Description of the task:
Retype word for word the stretch of entries below from the line that has "With soaring and" through the line that has "午前8時前、上着を脱いで荷物", and omit the pictures.

───── The input ─────

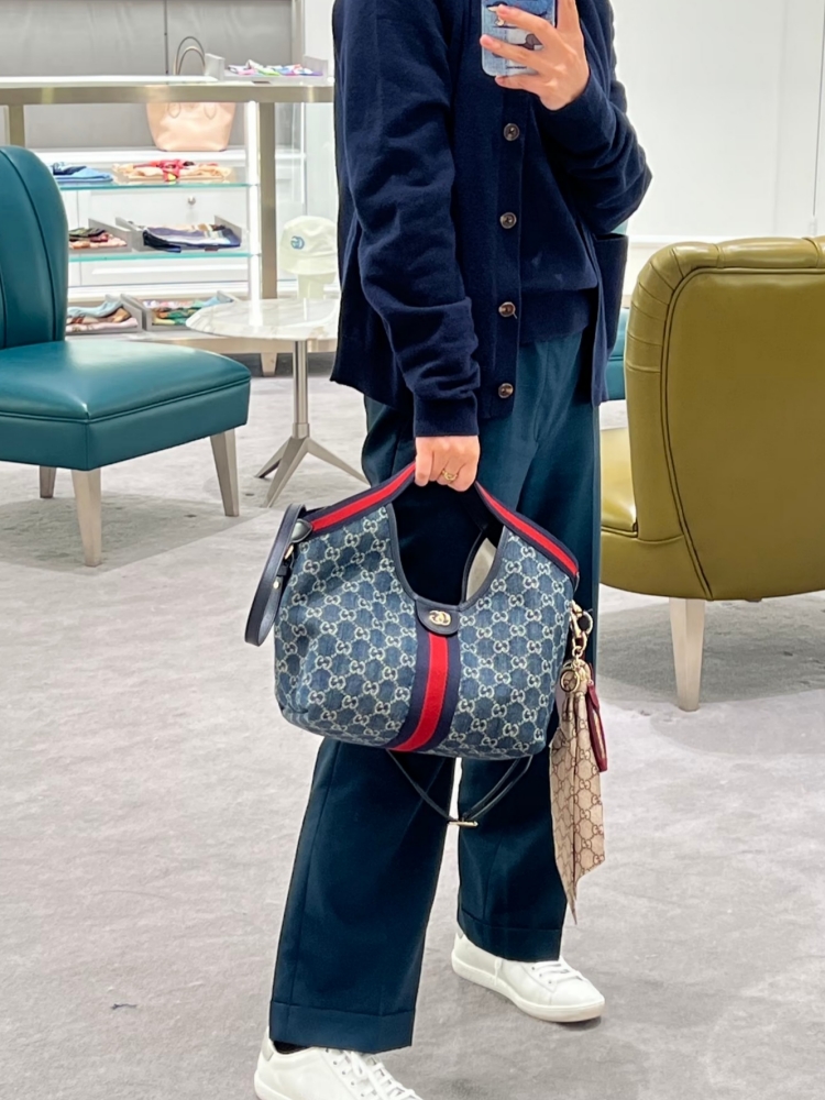 整體採用帆布製成,提供棕色與藍色兩種配色選擇。帆布材質本身兼具耐用與輕便的特性,能長時間使用而不易變形。丹寧的紋理搭配 GG 經典花紋,更增添了細節上的層次感,耐看又耐背。而它的設計與原單的風格非常接近,讓人不由得想要擁有。
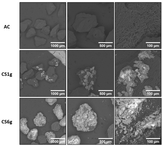 The results shown in Table 1 reveal that the presence of α-FOD with a specific surface previously reported to be between 20 and 30 m2·g−1 [37] did not drastically affect the specific surface area of the AC. Several reports have shown that the addition of a photocatalyst with a relatively low surface area onto the AC surface can decrease the composite specific surface area value [8,24,47]. This can be attributed to the partial clogging of the active sites of the carbon by the photocatalyst particles, as observed in this work for composite CS6g, which is evidenced as well in the SEM images. Interestingly, for composite CS1g, the specific surface area is slightly higher than that of pure AC. This behavior has been reported by other authors [21,48] and can be explained by a slight modification of the meso/microtexture of the AC porous network during the treatment (acid hydrothermal process). For instance, AC derived from date stone and TiO2/BiOBr/Bi2S3/AC composites synthesized by Alikhani et al. [48] presented surface areas of 415 and 659 m2·g−1, respectively, which are comparable to the values reported in this study. Regarding the pore diameter, the results show a microporous structure for the AC, which is slightly increased by the addition of α-FOD, due to the partial blocking of the AC micropores [6].
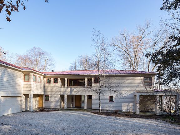 With soaring and dramatic water views from every room, this architect designed modern home sits above a country road that winds along the edge of a pristine and unspoiled lake. With almost 6000 square feet of luxurious living space on more than 10 acres of privacy, it has all the components of a spectacular country estate. The water frontage offers direct access for fishing, sailing and stand-up paddle boarding. (Large motors are not permitted on the lake.) The 2 story atrium offers enhanced lake views through the living and dining rooms. The cooks kitchen is part of a beautifully appointed family room and opens to a large deck with stunning lake views. There is also a connected covered stone patio perfect for grilling. There are 5 bedrooms, each with it's own bath including a master suite with his and her closets, whirlpool bath and separate shower all oriented toward the water view. There are also 2 offices and a large laundry room on the second floor. The closets in the house are cedar lined and there are many built in features. The 2 car garage is attached and offers enough space for storing your sporting equipment as well. The paneled library is complete with fireplace and a glass wall overlooking the lake. This home is the perfect place to unwind.
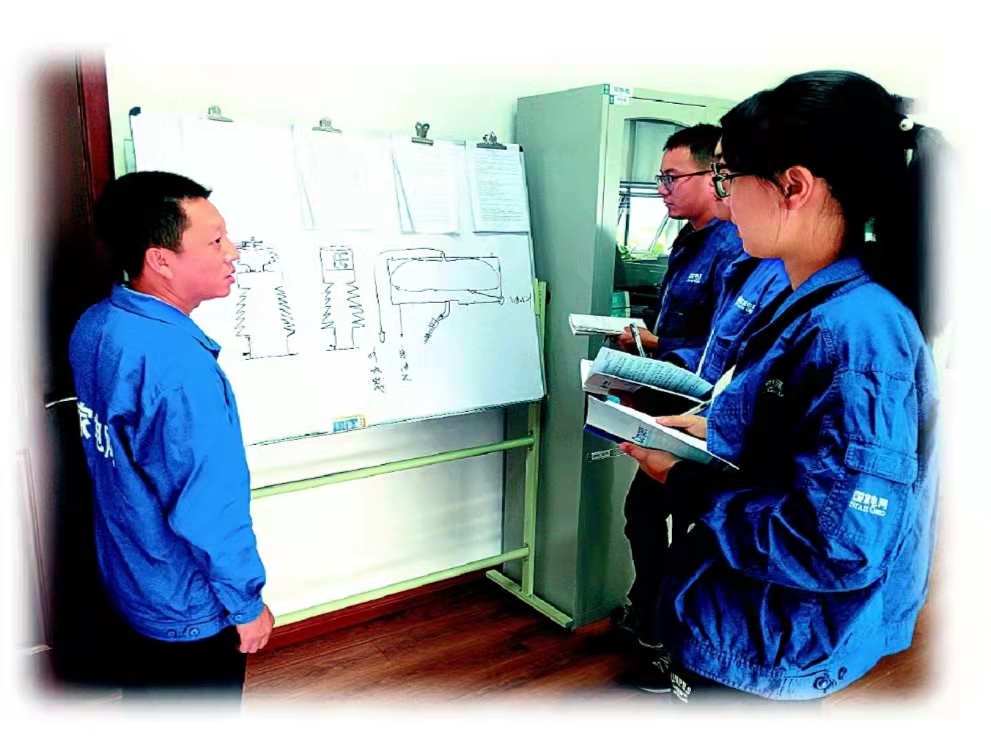 安师拥有丰富的工作经验,现场检修得心应手,教书育人也不在话下。可谓武能搞检修、文能训徒儿。在增强基本技能方面,安师自有一套。一方面,注重检修技能提升,钻研检修技巧,注重检修质量,精益求精是他的追求。在安师的调教下,“安徒生”们茁壮成长,检修技能步步升高;另一方面,坚持开展“员工大讲堂”,鼓励大家总结并分享自身工作经验,积极开展“随时实地微课堂”,去往食堂的路上、下班回家的途中、检修工作的间隙都是“安徒生”们学习的课堂。安师用自己的行动影响着每一个徒弟,大家也用自己的努力向着创新“突围”。
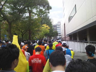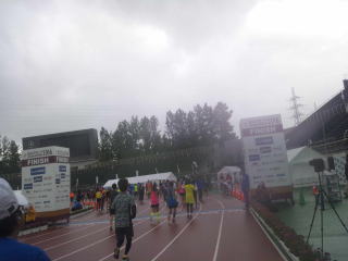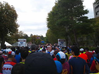 午前8時前、上着を脱いで荷物預けを済ませ、午前8時30分前にはスタートラインFブロックにつきました。
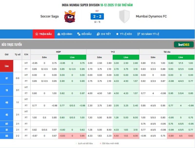 Nhờ vào hệ thống tự động cập nhật, tất cả loại kèo đều được hiển thị liên tục và chính xác real-time, từ kèo Tài – Xỉu, Á – Âu, cho đến các loại kèo phạt góc, kèo thẻ phạt. Anh em cược thủ chỉ cần vài cú click là đã có thể tiếp cận toàn bộ bảng kèo của hàng loạt nhà cái mà không phải lo lắng về việc chậm trễ hay sai sót.
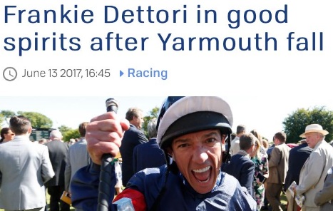 A distanza di quasi 24 ore, diamo conto dell’aggiornamento della situazione circa l’infortunio occorso a Frankie Dettori in seguito alla caduta del jockey italiano ieri pomeriggio prima della prima corsa del convegno di Yarmouth. Frankie è caduto mentre era in procinto di salire su un debuttante che si chiama Tivoli, il quale si è “mosso” proprio mentre il nostro eroe stava per salire con il risultato di essere sbalzato dall’altra parte della sella.
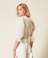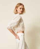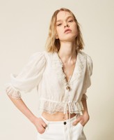 Locker geschnittene Hemdbluse aus Tüll mit kleinem floralem Muster und Volants, die den V-Ausschnitt vervollständigen, Verschluss mit Knöpfen und Tunnelzug auf Taillenhöhe, 3/4-Ärmeln mit Gummizug am Abschluss und Saumrüschen. Auch zur Verwendung als Oberbekleidung.
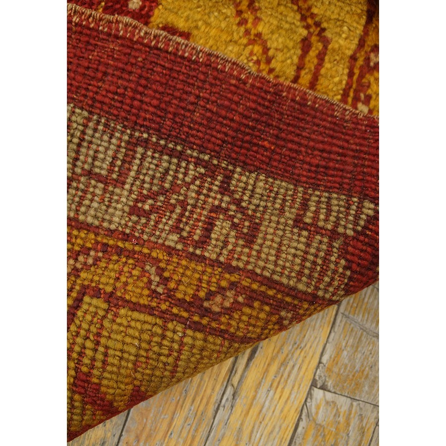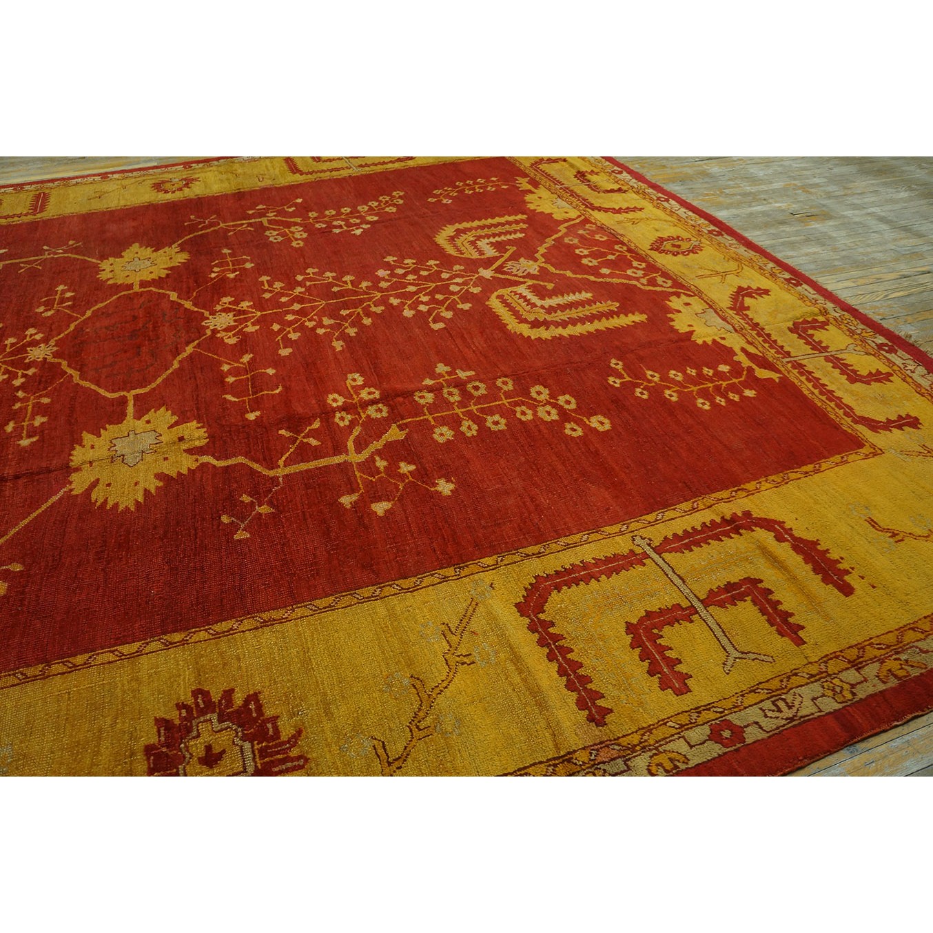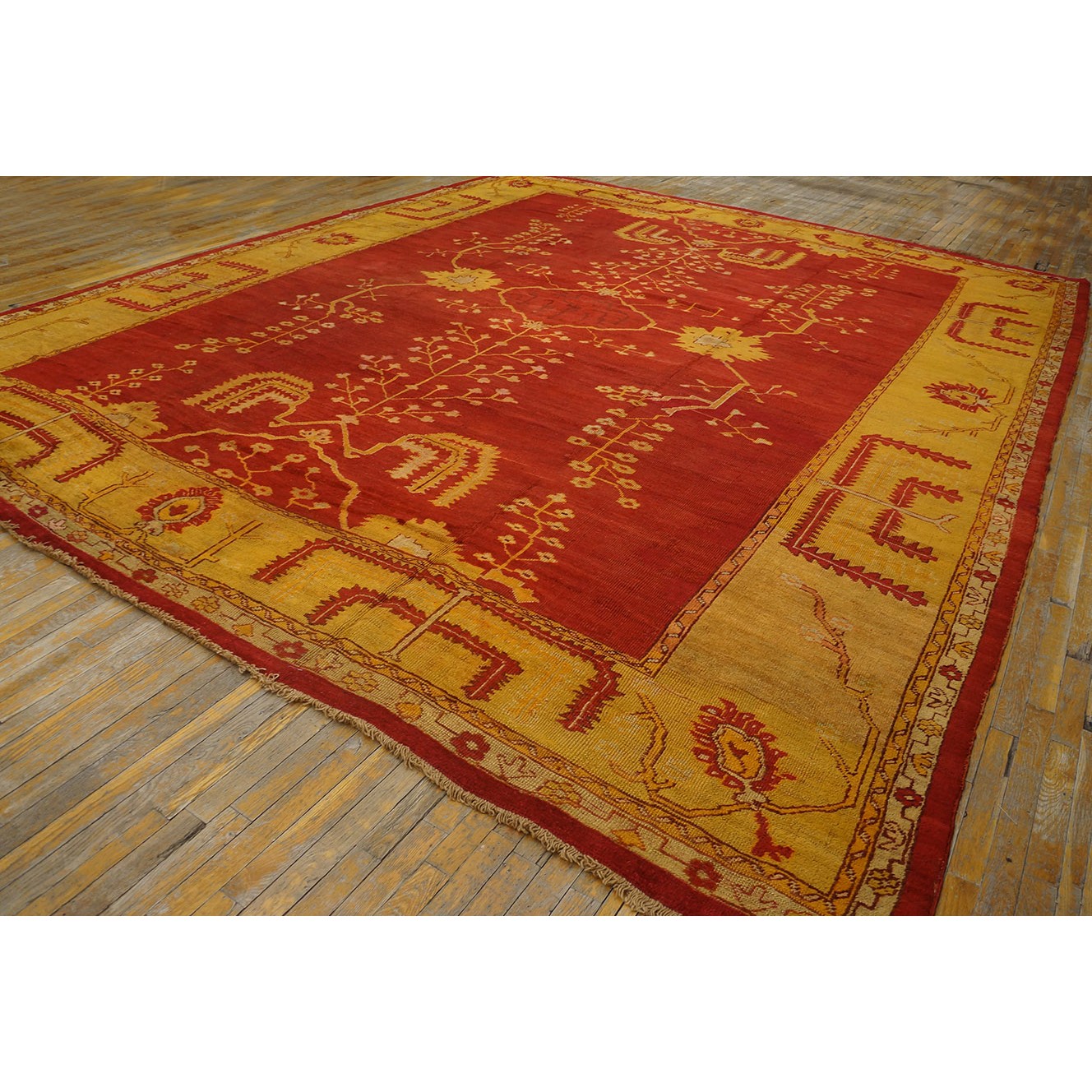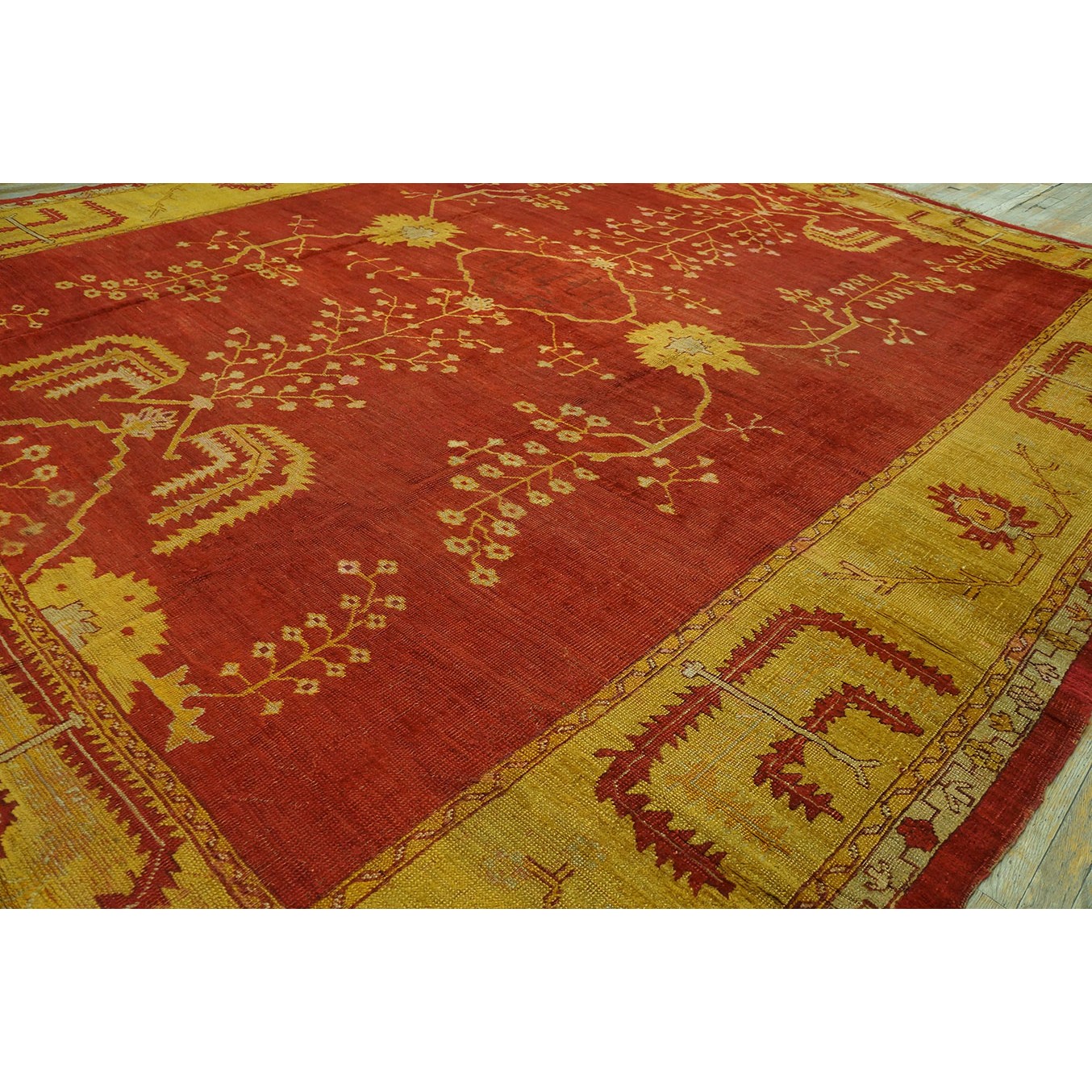 Before English Arts & Crafts carpets copied Oushaks, Oushak did Arts & Crafts, as is abundantly evident in this splendid red circa 1880s rug with wiry flowering vines, abstracted weeping willow elements, and a few large palmettes. The effect is spacious and open, and this generous approach continues with the rich golden main border with more, right angled weeping willows with palmette spacers. The colour scheme is relatively narrow, but the result is gracious and informal.
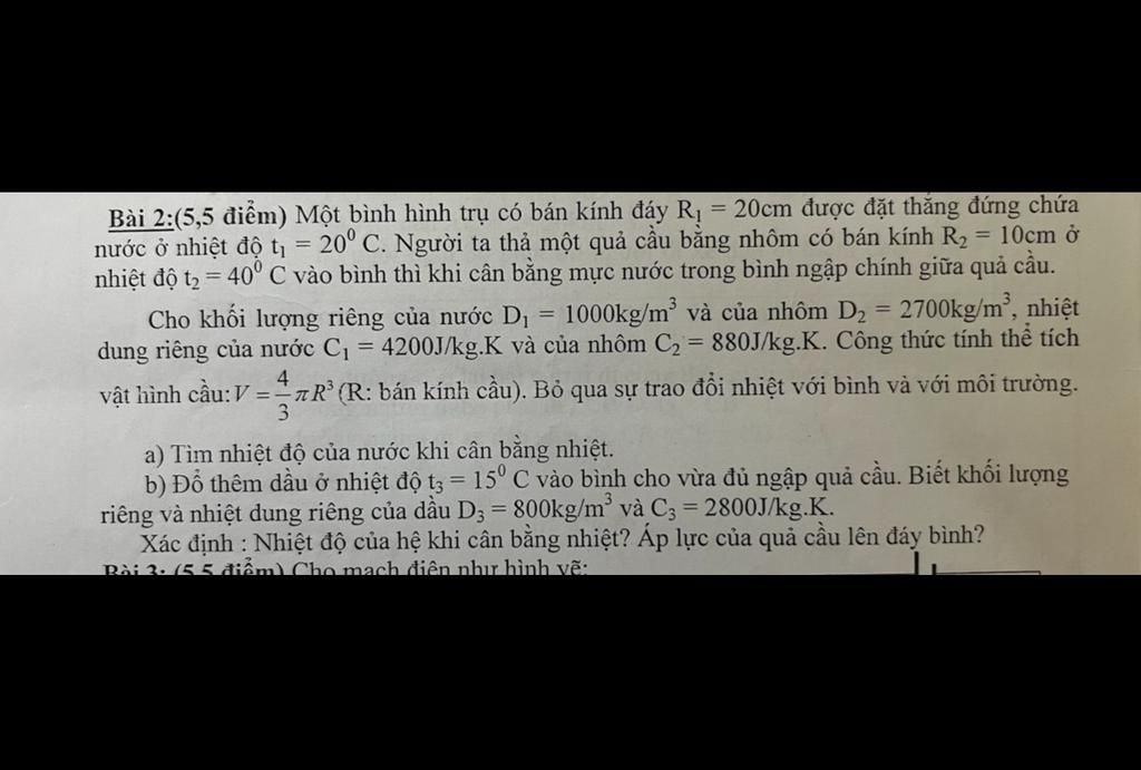 nước ở nhiệt độ t = 20° C. Người ta thả một quả cầu bằng nhôm có bán kính R, = 10cm ở
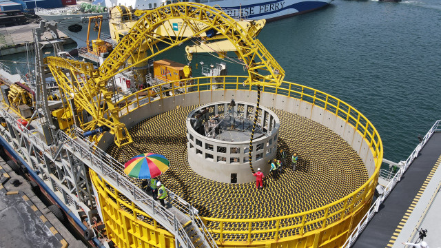 LS전선이 강원도 동해시 동해항에서 해저케이블을 선적하는 모습
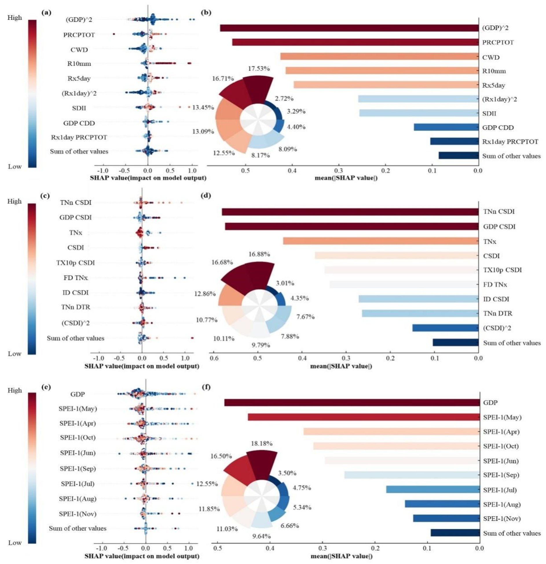 图1 我国三类气象灾害在LightGBM算法中的SHAP分析结果。a、b为暴雨洪涝灾害,c、d为低温冷冻灾害,e、f为干旱灾害。
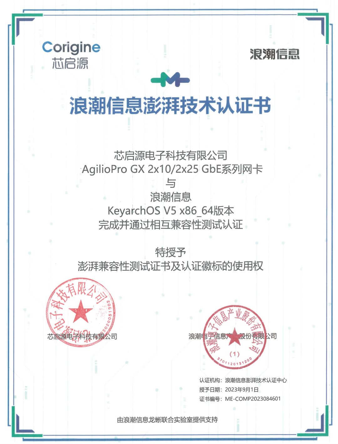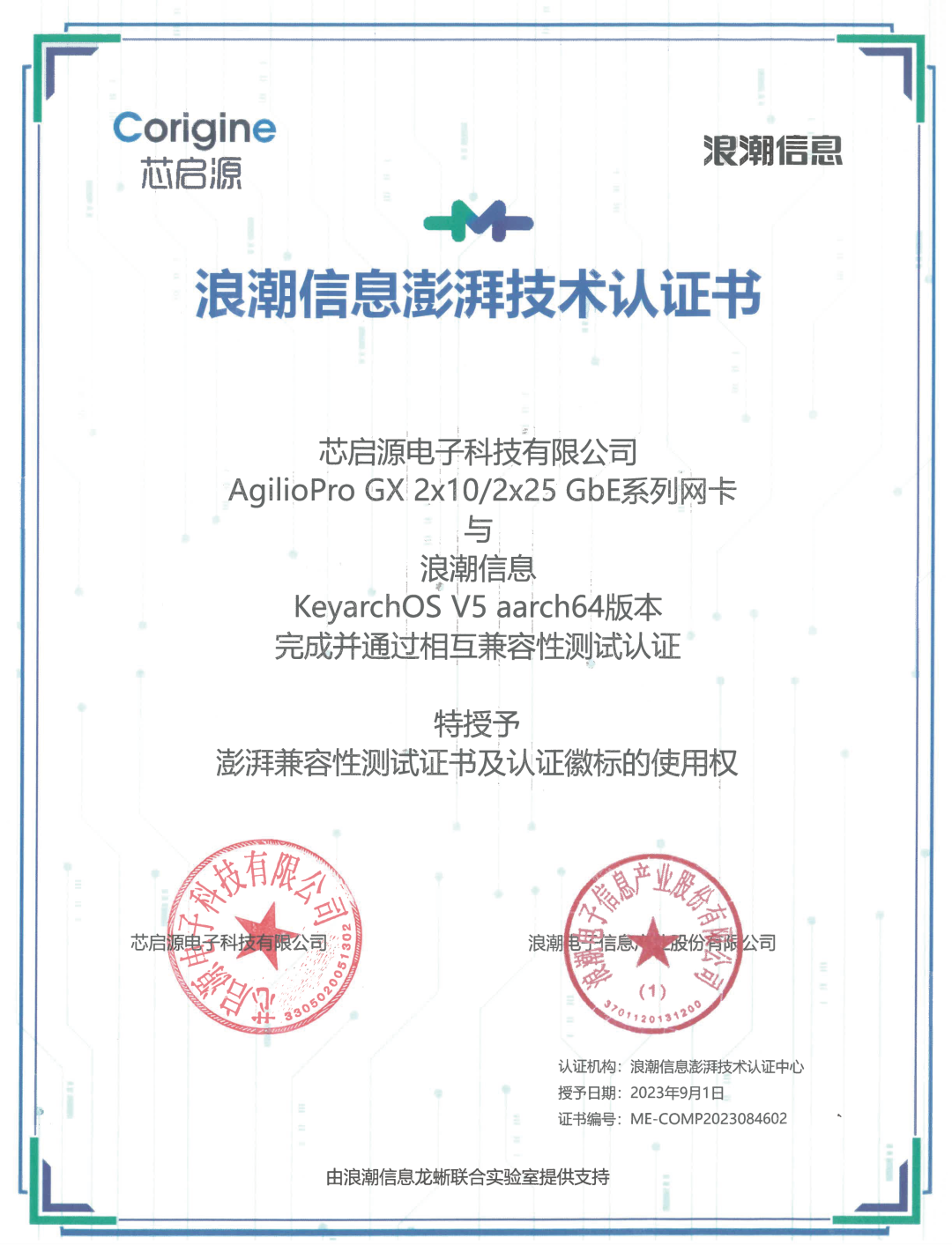 日前,芯启源DPU智能网卡与KeyarchOS完成并通过了浪潮信息澎湃技术认证,经双方联合测试,二者完全兼容,功能、性能和兼容性方面表现良好,运行稳定高效,满足用户需求。

─────

Result of this task:
 With soaring and dramatic water views from every room, this architect designed modern home sits above a country road that winds along the edge of a pristine and unspoiled lake. With almost 6000 square feet of luxurious living space on more than 10 acres of privacy, it has all the components of a spectacular country estate. The water frontage offers direct access for fishing, sailing and stand-up paddle boarding. (Large motors are not permitted on the lake.) The 2 story atrium offers enhanced lake views through the living and dining rooms. The cooks kitchen is part of a beautifully appointed family room and opens to a large deck with stunning lake views. There is also a connected covered stone patio perfect for grilling. There are 5 bedrooms, each with it's own bath including a master suite with his and her closets, whirlpool bath and separate shower all oriented toward the water view. There are also 2 offices and a large laundry room on the second floor. The closets in the house are cedar lined and there are many built in features. The 2 car garage is attached and offers enough space for storing your sporting equipment as well. The paneled library is complete with fireplace and a glass wall overlooking the lake. This home is the perfect place to unwind.
 安师拥有丰富的工作经验,现场检修得心应手,教书育人也不在话下。可谓武能搞检修、文能训徒儿。在增强基本技能方面,安师自有一套。一方面,注重检修技能提升,钻研检修技巧,注重检修质量,精益求精是他的追求。在安师的调教下,“安徒生”们茁壮成长,检修技能步步升高;另一方面,坚持开展“员工大讲堂”,鼓励大家总结并分享自身工作经验,积极开展“随时实地微课堂”,去往食堂的路上、下班回家的途中、检修工作的间隙都是“安徒生”们学习的课堂。安师用自己的行动影响着每一个徒弟,大家也用自己的努力向着创新“突围”。
 午前8時前、上着を脱いで荷物預けを済ませ、午前8時30分前にはスタートラインFブロックにつきました。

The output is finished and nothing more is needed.